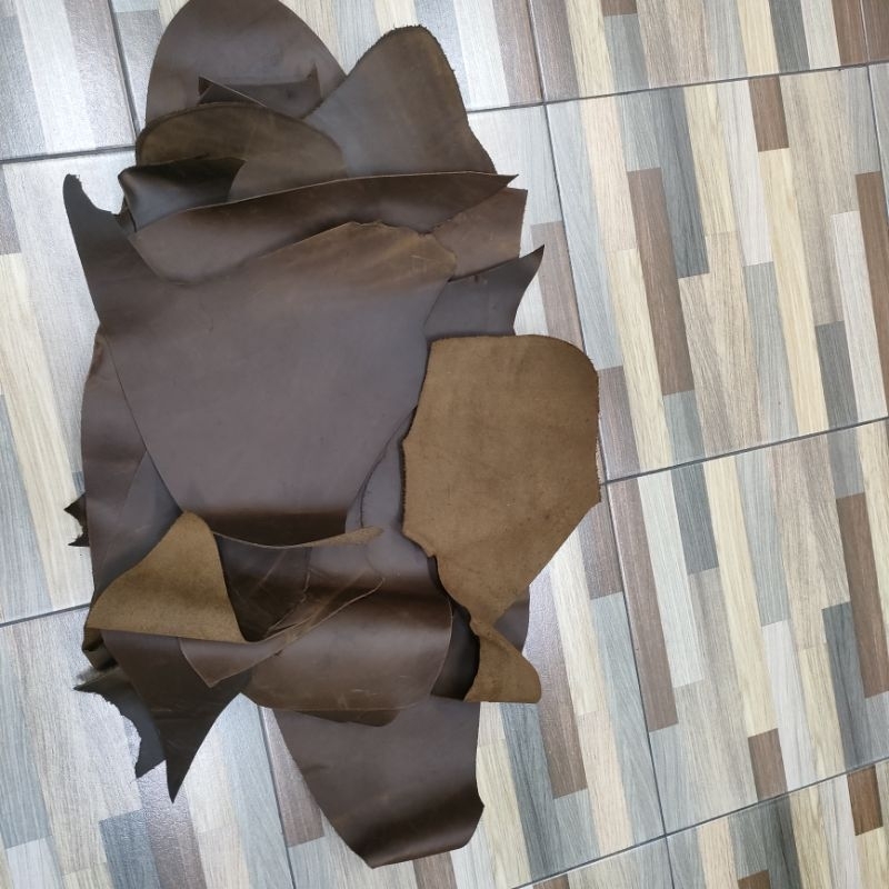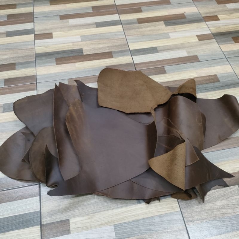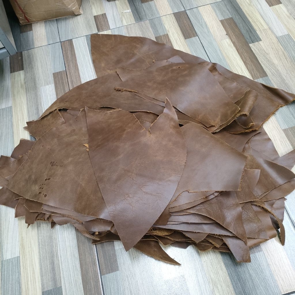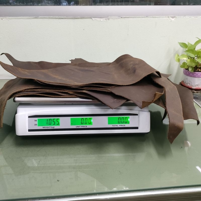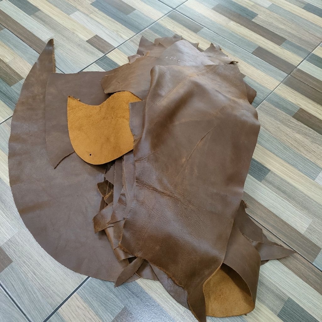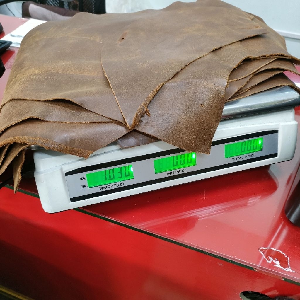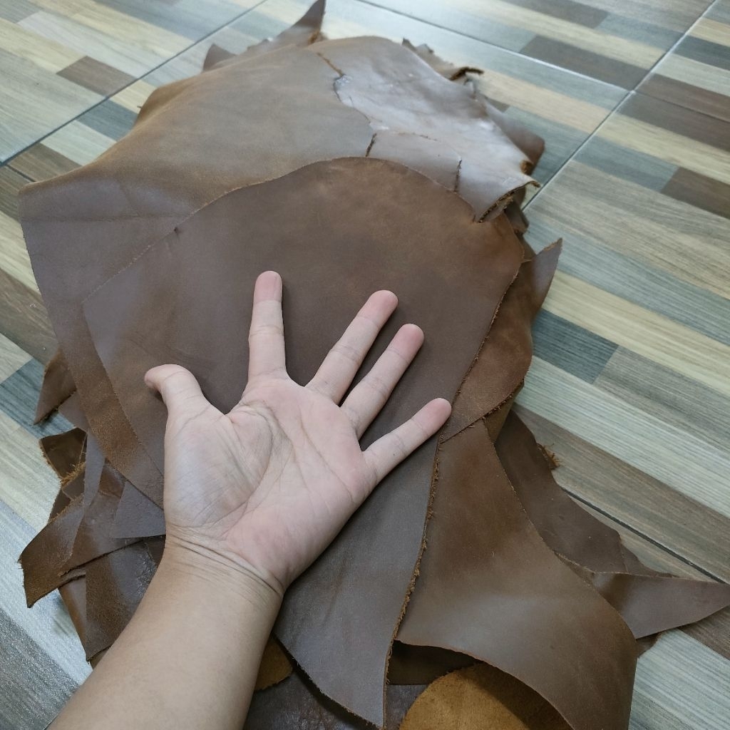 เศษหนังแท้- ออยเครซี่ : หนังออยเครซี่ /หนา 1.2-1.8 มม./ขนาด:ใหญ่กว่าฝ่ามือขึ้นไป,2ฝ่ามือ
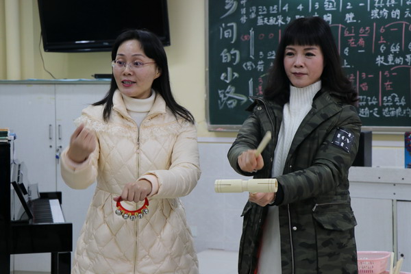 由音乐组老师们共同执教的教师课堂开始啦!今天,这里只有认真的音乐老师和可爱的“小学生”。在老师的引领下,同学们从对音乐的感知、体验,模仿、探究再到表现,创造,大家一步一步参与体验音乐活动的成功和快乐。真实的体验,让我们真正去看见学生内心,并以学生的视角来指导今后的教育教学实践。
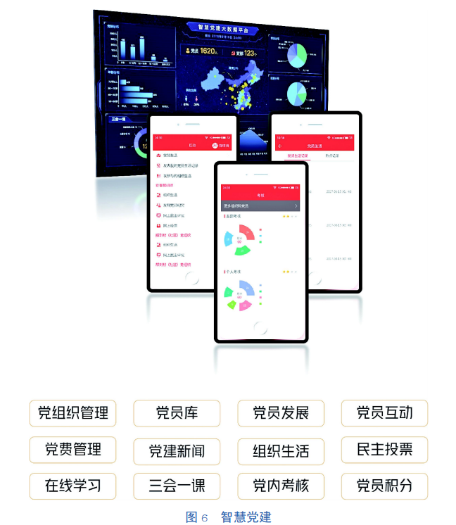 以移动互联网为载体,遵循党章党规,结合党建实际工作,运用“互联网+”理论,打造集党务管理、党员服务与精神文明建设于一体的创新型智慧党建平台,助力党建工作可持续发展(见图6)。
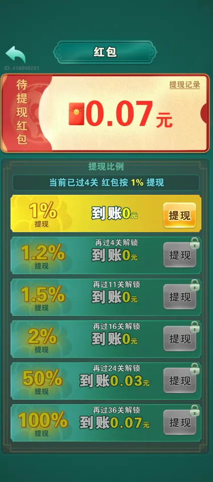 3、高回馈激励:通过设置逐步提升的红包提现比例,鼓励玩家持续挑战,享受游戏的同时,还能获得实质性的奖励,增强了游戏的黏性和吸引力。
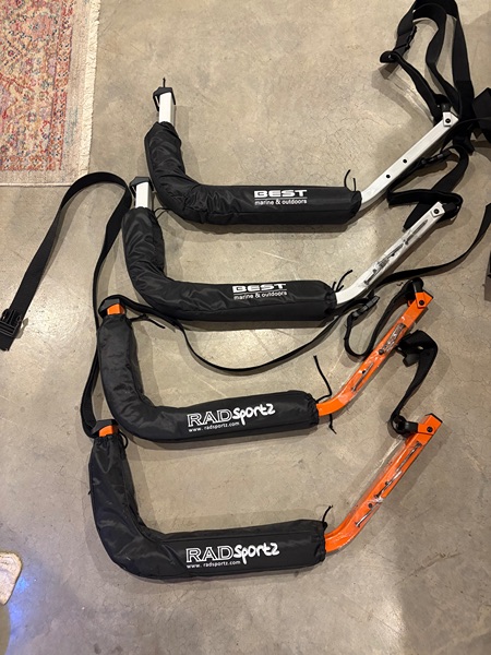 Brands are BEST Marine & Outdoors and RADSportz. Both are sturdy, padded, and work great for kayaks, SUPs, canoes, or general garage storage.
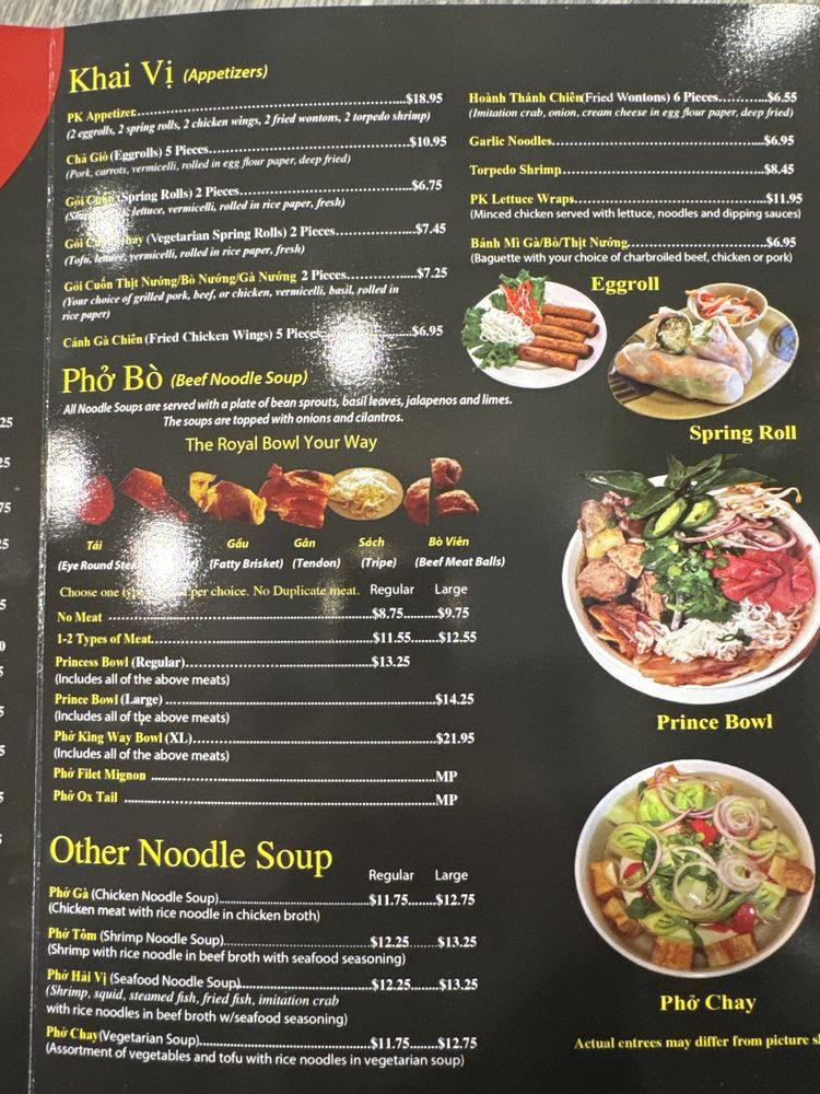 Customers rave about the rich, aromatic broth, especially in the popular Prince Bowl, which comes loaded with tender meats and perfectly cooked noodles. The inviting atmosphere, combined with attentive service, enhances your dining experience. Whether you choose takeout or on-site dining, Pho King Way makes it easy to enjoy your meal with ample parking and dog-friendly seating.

---

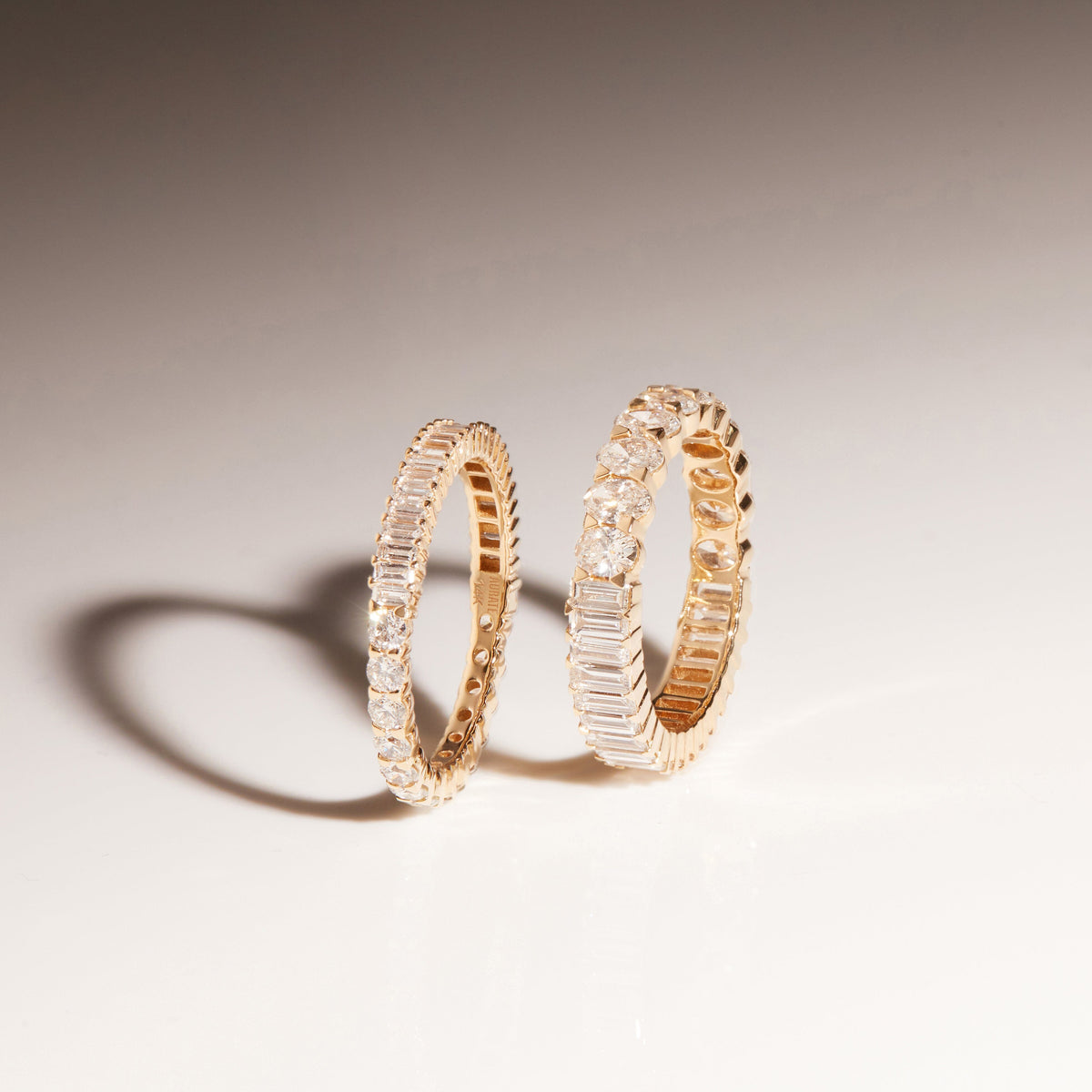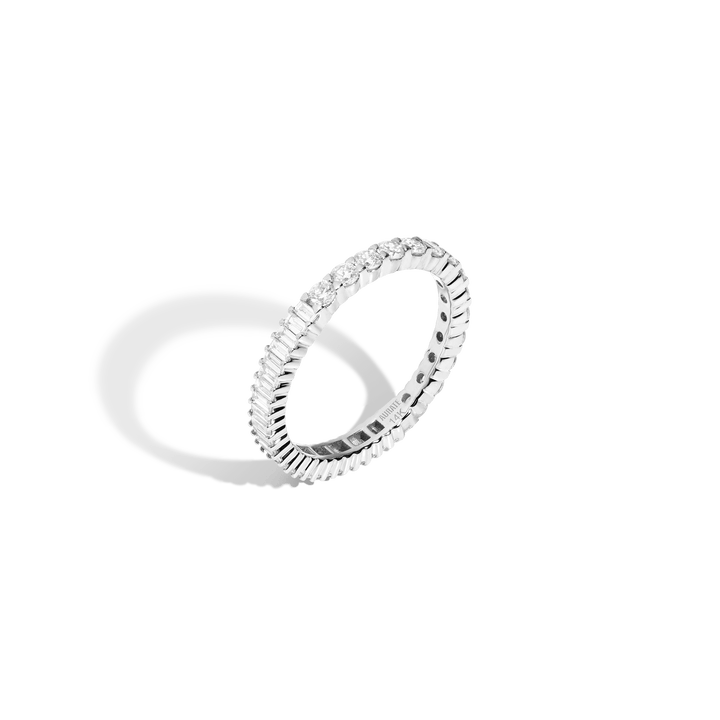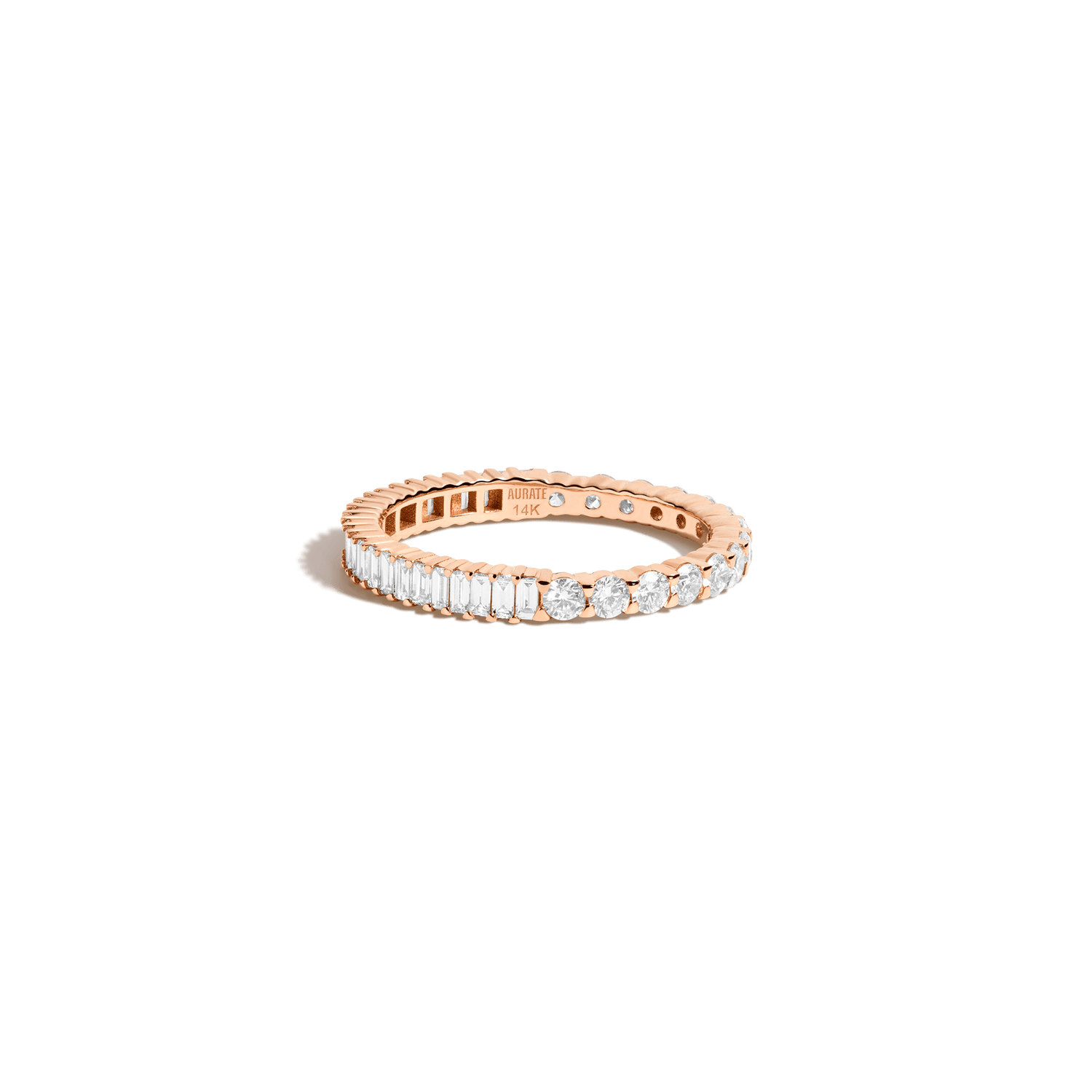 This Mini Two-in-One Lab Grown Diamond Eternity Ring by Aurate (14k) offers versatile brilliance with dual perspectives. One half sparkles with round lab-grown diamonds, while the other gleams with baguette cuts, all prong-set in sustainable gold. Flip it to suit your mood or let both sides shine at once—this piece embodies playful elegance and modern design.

* * *

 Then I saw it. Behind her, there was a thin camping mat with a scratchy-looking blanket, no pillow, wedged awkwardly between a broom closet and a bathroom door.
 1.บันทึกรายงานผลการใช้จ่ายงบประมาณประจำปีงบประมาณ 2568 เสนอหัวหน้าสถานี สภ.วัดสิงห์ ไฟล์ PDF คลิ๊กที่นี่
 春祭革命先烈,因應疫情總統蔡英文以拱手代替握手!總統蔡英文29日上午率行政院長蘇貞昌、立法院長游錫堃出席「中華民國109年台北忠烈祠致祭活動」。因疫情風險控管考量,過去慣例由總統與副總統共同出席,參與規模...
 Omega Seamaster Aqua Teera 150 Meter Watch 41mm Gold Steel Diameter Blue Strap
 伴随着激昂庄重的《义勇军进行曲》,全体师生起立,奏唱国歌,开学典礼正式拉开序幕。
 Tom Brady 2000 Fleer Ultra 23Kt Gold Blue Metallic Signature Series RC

- [EXERCISE AIM]: In the records above, everything from the line with "เศษหนังแท้- ออยเครซี่ : หนังออยเครซี่" down to the line with "Customers rave about" must be duplicated exactly, both lines kept. Leave no pictures in.

- [SOLVED PROBLEM]:
 เศษหนังแท้- ออยเครซี่ : หนังออยเครซี่ /หนา 1.2-1.8 มม./ขนาด:ใหญ่กว่าฝ่ามือขึ้นไป,2ฝ่ามือ
 由音乐组老师们共同执教的教师课堂开始啦!今天,这里只有认真的音乐老师和可爱的“小学生”。在老师的引领下,同学们从对音乐的感知、体验,模仿、探究再到表现,创造,大家一步一步参与体验音乐活动的成功和快乐。真实的体验,让我们真正去看见学生内心,并以学生的视角来指导今后的教育教学实践。
 以移动互联网为载体,遵循党章党规,结合党建实际工作,运用“互联网+”理论,打造集党务管理、党员服务与精神文明建设于一体的创新型智慧党建平台,助力党建工作可持续发展(见图6)。
 3、高回馈激励:通过设置逐步提升的红包提现比例,鼓励玩家持续挑战,享受游戏的同时,还能获得实质性的奖励,增强了游戏的黏性和吸引力。
 Brands are BEST Marine & Outdoors and RADSportz. Both are sturdy, padded, and work great for kayaks, SUPs, canoes, or general garage storage.
 Customers rave about the rich, aromatic broth, especially in the popular Prince Bowl, which comes loaded with tender meats and perfectly cooked noodles. The inviting atmosphere, combined with attentive service, enhances your dining experience. Whether you choose takeout or on-site dining, Pho King Way makes it easy to enjoy your meal with ample parking and dog-friendly seating.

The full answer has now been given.